Autotrasporto, dal ministro Salvini auspichiamo risposte positive

Cade in un momento molto particolare la convocazione per mercoledì 7 da parte del ministro Matteo Salvini per proseguire il confronto con l’autotrasporto di merci per conto terzi.

Il mondo è in fermento. Si rischiano reazioni a catena in molti settori dell’economia, specialmente quelli dove i rincari dei costi di esercizio si fanno maggiormente sentire ed esistono criticità mai risolte.

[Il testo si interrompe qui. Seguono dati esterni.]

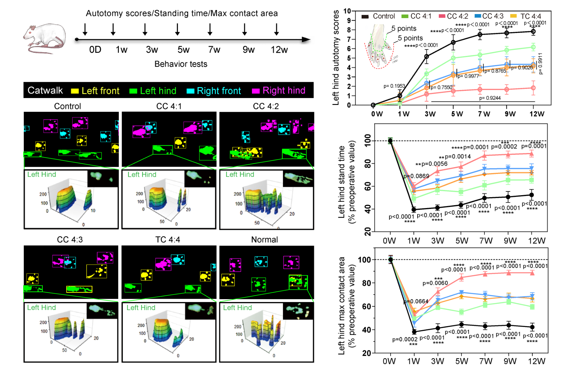 研究团队采用聚己内酯(PCL)和矿化胶原(MC)复合纳米纤维制备了具有不同锥度的中空圆台形空间约束套管(CC)来覆盖神经残端。研究表明,CC在体外激活雪旺细胞和成纤维细胞内YAP介导的机械传导,可以减少产生活性氧。在体内空间约束套管减少了再生神经组织内巨噬细胞的增殖、周围神经和脊髓(L4-L5)中巨噬细胞的M1型极化。特定锥度的CC4:2(近端和远端内径比)在神经自组织方面表现最佳,包括管理神经残端接口的自然有序终止、减少纤维化疤痕以及通过YAP介导的机械传导减轻神经炎症。机械痛觉相关蛋白质的表达,行为学自嗜评分和步态分析进一步证明其可以有效减轻神经疼痛。总的来说,工程化空间约束策略为实现体内神经残端界面疼痛缓解提供了一种可行的解决方案,并具有巨大的临床转化潜力。

L’autotrasporto sta per esaurire le importanti risorse stanziate per contenere l’eccezionale impennata dei costi del carburante, ma il prezzo del gasolio alla pompa registrato a gennaio 2024 continua a essere di tredici centesimi maggiore rispetto a quello di gennaio 2022. Preoccupa, inoltre, la situazione internazionale che rischia di far scattare nuovi aumenti del carburante.

La categoria va pertanto aiutata a rimanere competitiva, a compensare il rialzo dei noli marittimi, dei pedaggi autostradali, delle assicurazioni, del costo di acquisto dei mezzi.

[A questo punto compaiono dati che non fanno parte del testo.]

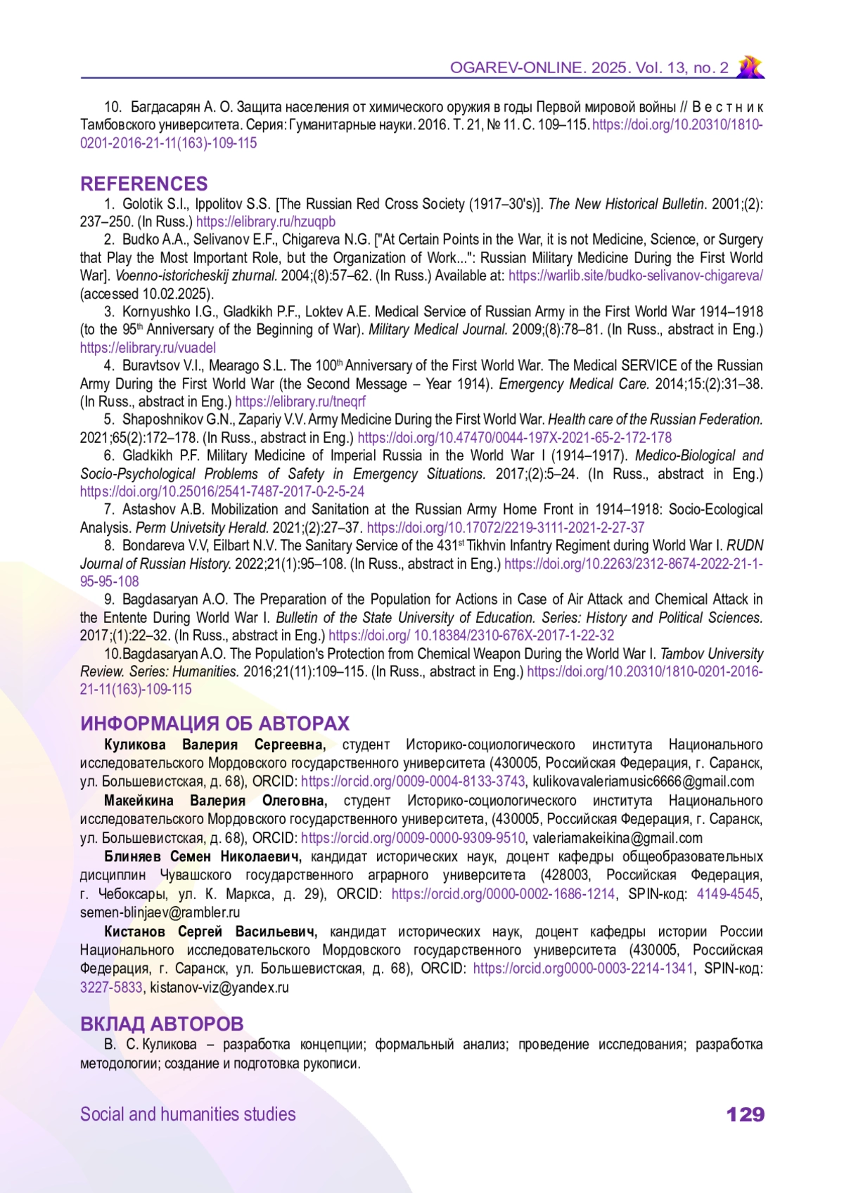 10. Багдасарян А. О. Защита населения от химического оружия в годы Первой мировой войны // Вестник Тамбовского университета. Серия: Гуманитарные науки. 2016. Т. 21, № 11. С. 109-115. DOI: 10.20310/1810-0201-2016-21-11(163)-109-115

Vanno trovate urgenti soluzioni a tutte le voci di costi indiretti quali l’allungamento dei tempi di percorrenza causati dalla critica situazione della viabilità, i tempi di attesa determinati dalla carenza di personale e dalle disfunzioni che si riscontrano presso gli Uffici della motorizzazione civile, la sottrazione di 940 ore di lavoro determinate anche quest’anno dall’arcaico calendario dei divieti di circolazione per i mezzi pesanti.
Perdurando tale situazione, il rischio e che i millantatori, con obiettivi diversi dai nostri, si incuneino tra le imprese e le orientino in modo sbagliato. In Sicilia siamo riusciti a far prevalere la ragione e il senso di responsabilità.

Auspichiamo che dall’incontro con il ministro Salvini emergano elementi concreti che diano risposte positive alle imprese e confermino le nostre ragioni.